→ THE TASK
Go to the line that contains "Louisiana Colorful Baton" in the records below and repeat it, and each line after it, exactly through the end, omitting pictures.

[Dataset items]
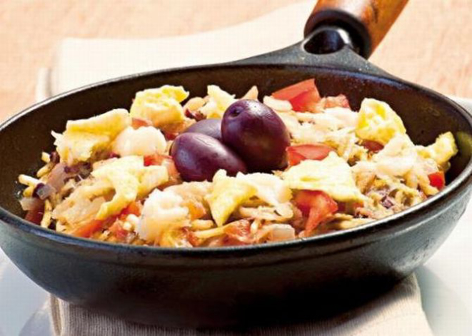 O chef Robson Gesso, do Gonzales y Garcia, apresentou uma entrada quente que é destaque no cardápio do restaurante: fritada de bacalhau, com ovos, tomates, azeitonas e batata palha. “O ovo vai só no final para fritar e dar a liga ao prato”, explica.
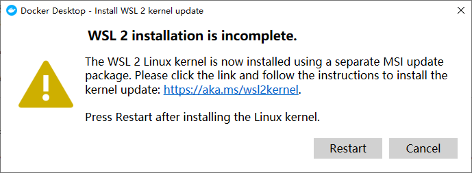 [参考:安装 Docker Desktop 报错 WSL 2 installation is incomplete.](https://blog.csdn.net/qq_39611230/article/details/108625840)
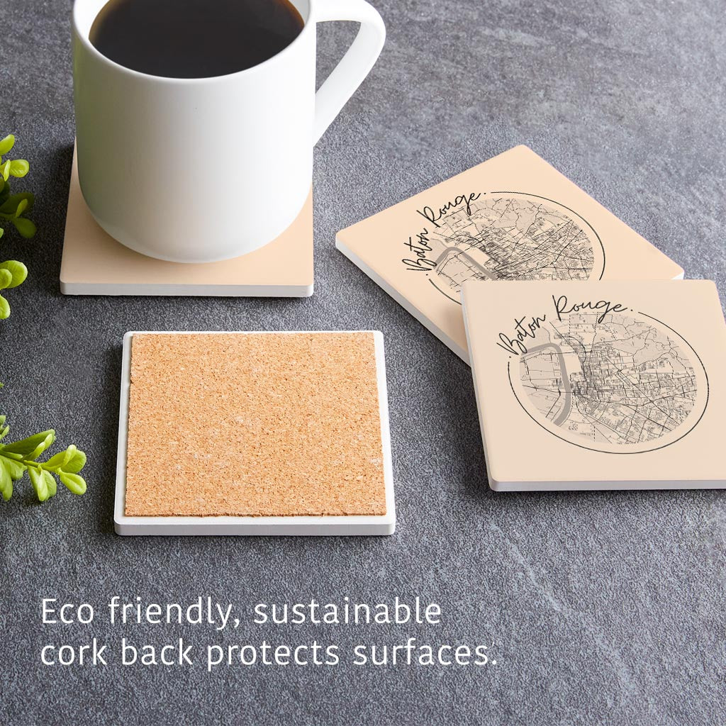 Louisiana Colorful Baton Rouge Circle Map | Absorbent Coasters | Set of 4 | Min 2
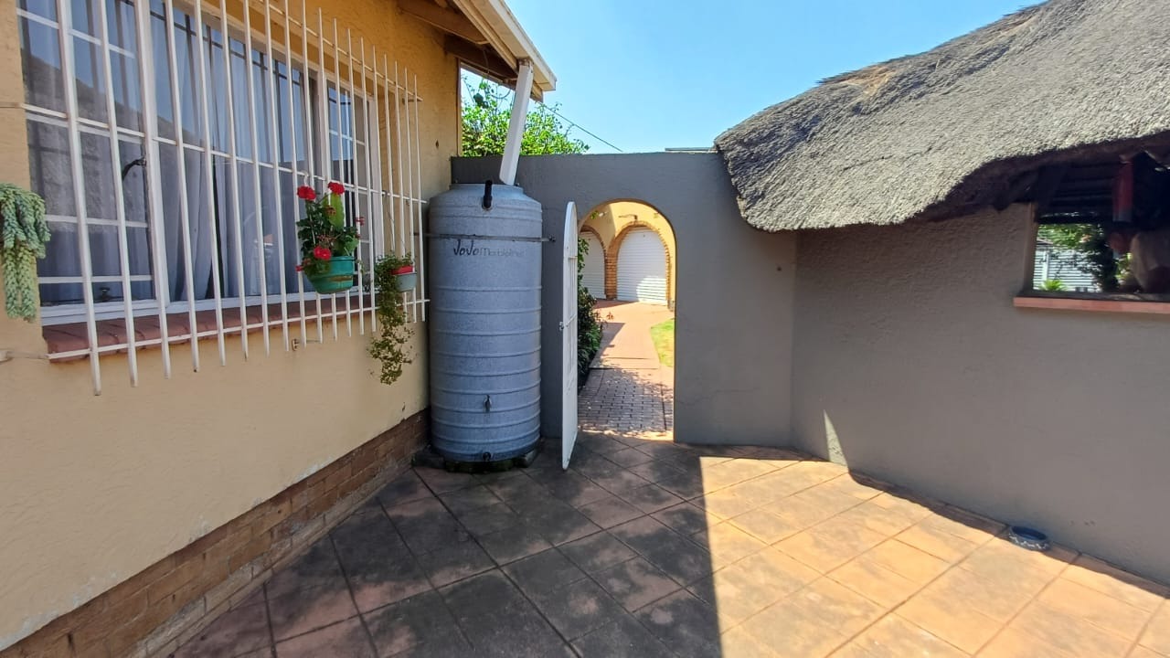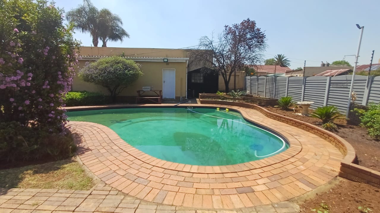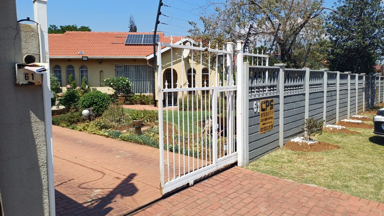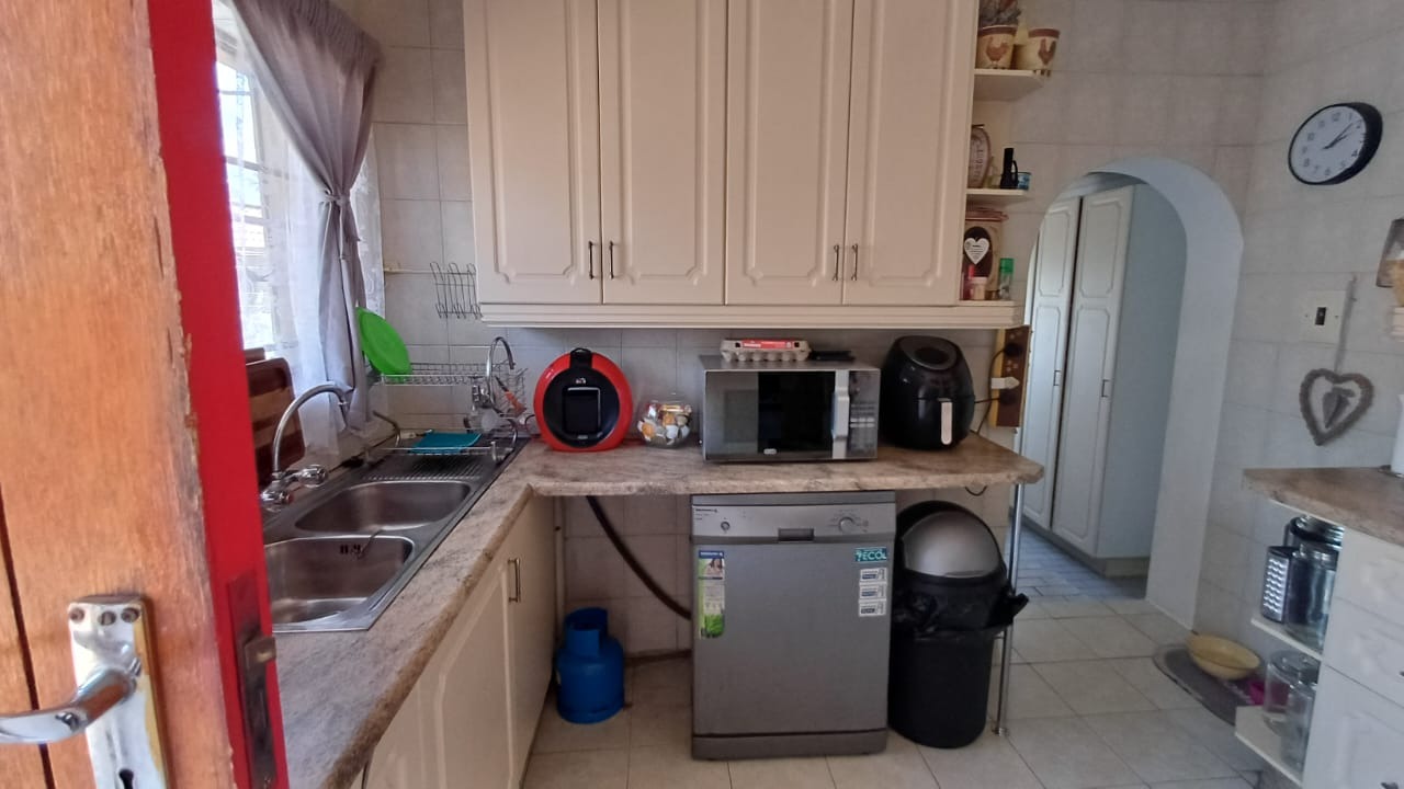 Welcome to this lovely family home nestled in the heart of Van Rhyn SH, Benoni, offering a relaxed suburban lifestyle with all the conveniences of metropolitan living. This charming property immediately catches your eye with its well-maintained exterior, featuring a distinct architectural style with arched windows and a classic tiled roof. The mature front garden, complete with a neat lawn and manicured shrubs, creates a welcoming first impression, while a long paved brick driveway leads to ample parking and a double garage.
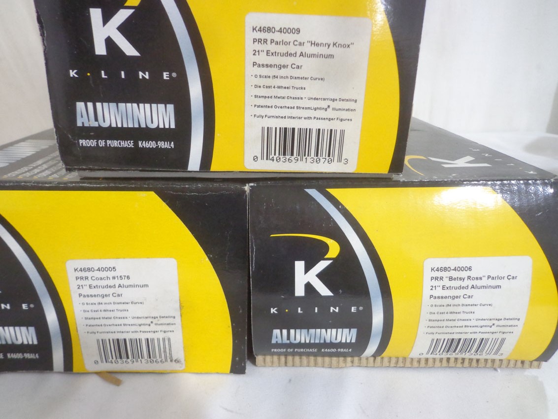 These are the #4680-40005/4680-40006/4680-40007/4680-40008/4680-40009/4680-40010 Pennsylvania Passenger Cars that K-Line made a few years ago. Our Opinion is that they are generally in LIke New Condition. Original Boxes. All Original in our Opinion. Please add $50.00 for US-48 Shipping and Insurance (more west of the Mississippi).
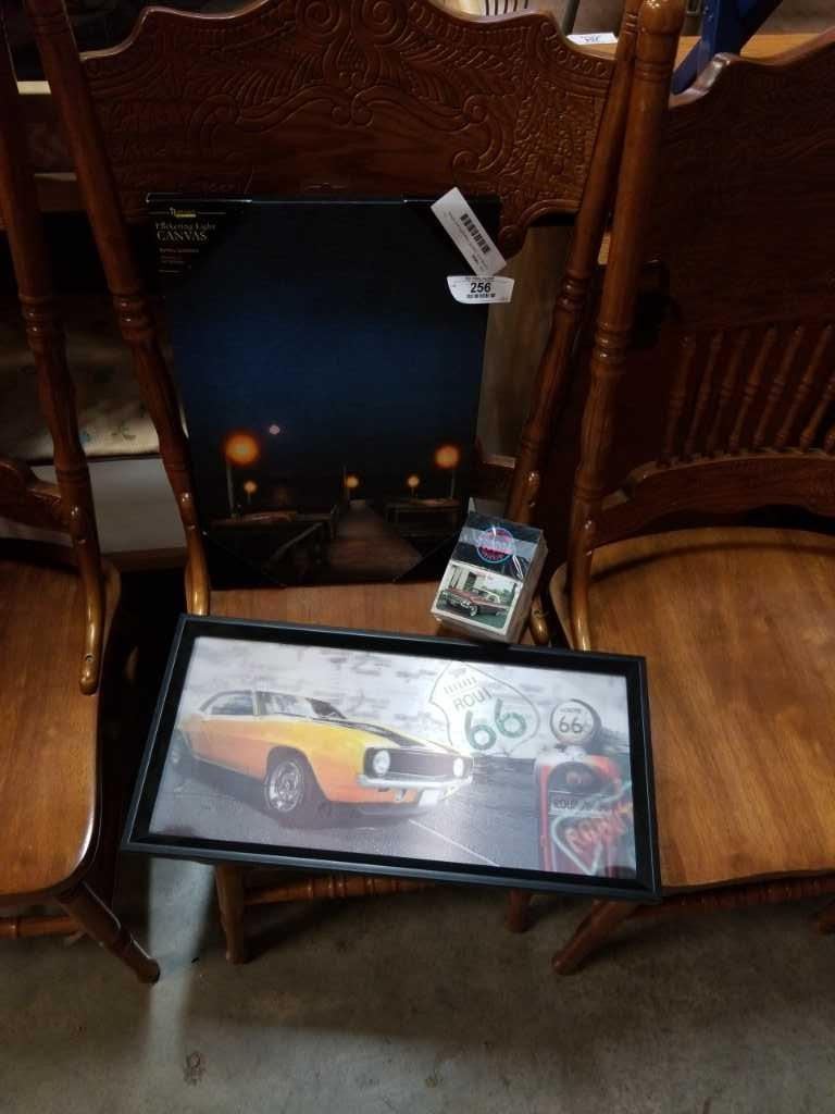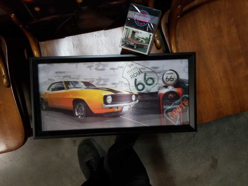 Canvas print, route 66 holographic and vehicle trading cards muscle and corvette

→ SOLUTION TO THIS EXERCISE
 Louisiana Colorful Baton Rouge Circle Map | Absorbent Coasters | Set of 4 | Min 2
 Welcome to this lovely family home nestled in the heart of Van Rhyn SH, Benoni, offering a relaxed suburban lifestyle with all the conveniences of metropolitan living. This charming property immediately catches your eye with its well-maintained exterior, featuring a distinct architectural style with arched windows and a classic tiled roof. The mature front garden, complete with a neat lawn and manicured shrubs, creates a welcoming first impression, while a long paved brick driveway leads to ample parking and a double garage.
 These are the #4680-40005/4680-40006/4680-40007/4680-40008/4680-40009/4680-40010 Pennsylvania Passenger Cars that K-Line made a few years ago. Our Opinion is that they are generally in LIke New Condition. Original Boxes. All Original in our Opinion. Please add $50.00 for US-48 Shipping and Insurance (more west of the Mississippi).
 Canvas print, route 66 holographic and vehicle trading cards muscle and corvette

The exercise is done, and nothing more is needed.